Les principes sont les lois et croyances fondamentales qu’il faut observer dans la réalisation du but.  Ils représentent un code de comportement que tous les membres du Mouvement doivent observer.

Le scoutisme est fondé sur  trois principes de base qui constituent ses lois et croyances fondamentales, et qui sont : le principe spirituel « Devoir envers Dieu », le principe social  » Devoir  envers autrui » et le principe personnel « Devoir envers soi-même ». Comme leurs noms l’indiquent, le premier se rapporte à la relation d’une personne avec les valeurs spirituelles de la vie; le second à la relation d’une personne avec la société dans le sens le plus large du terme; et le troisième aux obligations d’une personne envers elle-même.

 

DEVOIR ENVERS DIEU

Sous le titre  de « Devoir envers Dieu »,  le premier des principes du Mouvement scout est défini comme étant « l’adhésion à des principes spirituels, la fidélité à la religion qui les exprime et l’acceptation des devoirs qui en découlent ». Il convient de noter  que, contrairement au titre, le mot « Dieu »  n’est pas utilisé dans le texte de la clause même afin de  montrer très clairement qu’elle s’applique également aux religions non monothéistes, tel que l’Hindouisme, ou qui ne reconnaissent pas un Dieu personnel, tel que le Bouddhisme.

Lorsqu’on lui demanda où la religion entrait dans le scoutisme et le guidisme, Baden-Powell répondit, « Elle n’entre pas du tout. Elle est déjà là. C’est un  de facteurs fondamentaux à la base du scoutisme et du guidisme ».(1)
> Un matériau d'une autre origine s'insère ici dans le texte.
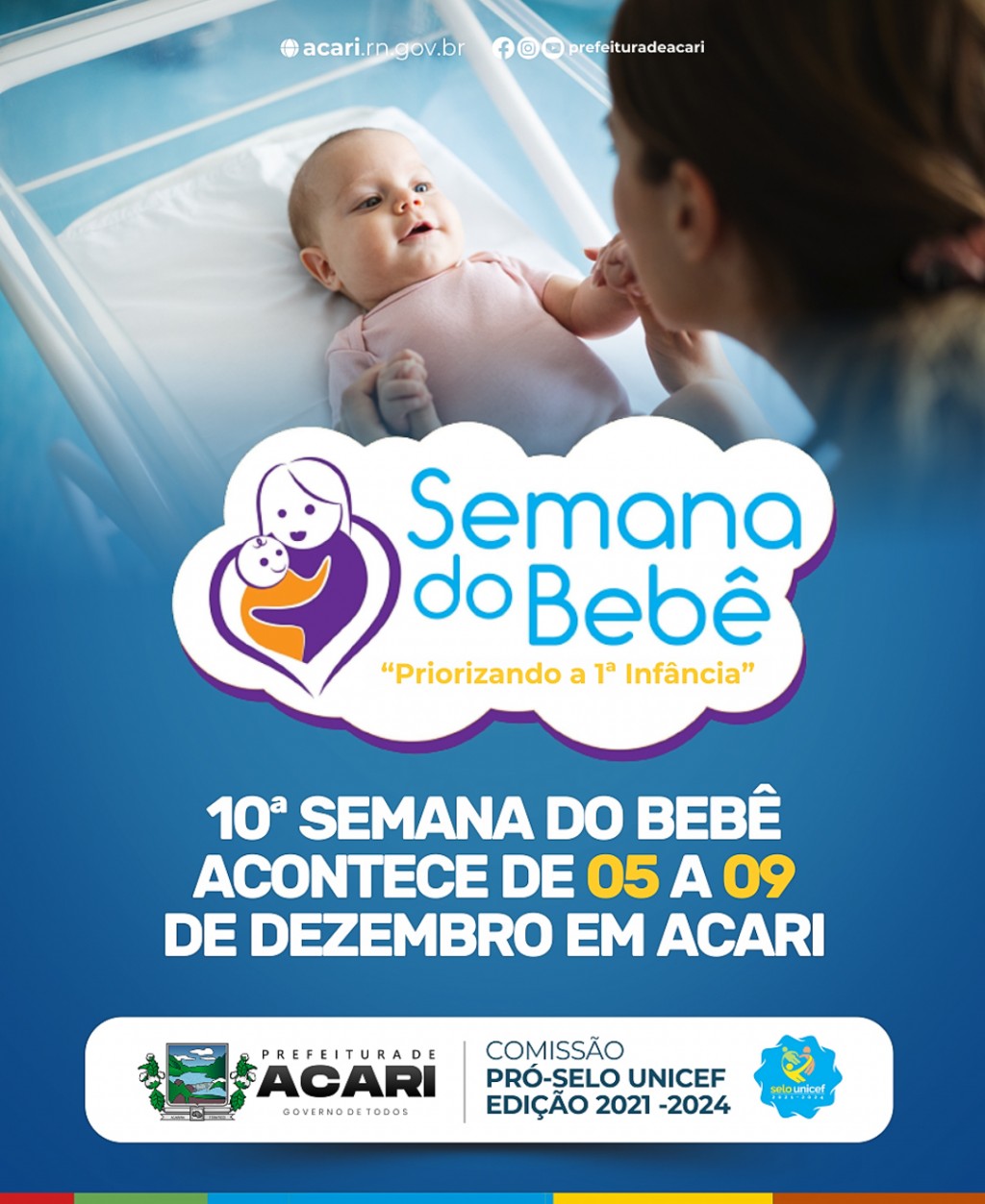 Com o tema: “Priorizando a 1ª Infância”, o município de Acari/RN realizará a 10ª edição da Semana do Bebê, desenvolvendo ações que objetivam assegurar a atenção adequada às crianças de até 6 anos de idade, promovendo discussões intersetoriais abordando temas como: aleitamento materno, nutrição, cobertura vacinal, educação infantil de qualidade, formação de vínculo e estimulação do bebê, por meio

Une analyse attentive des écrits du Fondateur relève que la notion d’une force supérieure à l’homme est fondamentale au scoutisme. Toute l’approche pédagogique du Mouvement consiste à aider les jeunes à s’élever au-dessus du monde matériel et d’aller à la recherche de valeurs spirituelles de la vie.

 

DEVOIR ENVERS AUTRUI

Sous ce titre général sous groupés un certain nombre de préceptes du Mouvement scout, car tous ont trait à la responsabilité d’une personne envers la société dans  ses différentes dimensions. Ainsi, la définition du devoir envers autrui est :

« – La loyauté envers son pays dans la perspective de la promotion de la paix, de la compréhension et de la coopération sur le plan local, national et international.

– La participation au développement de la société dans le respect de la dignité de l’homme et de l’intégrité de la nature. »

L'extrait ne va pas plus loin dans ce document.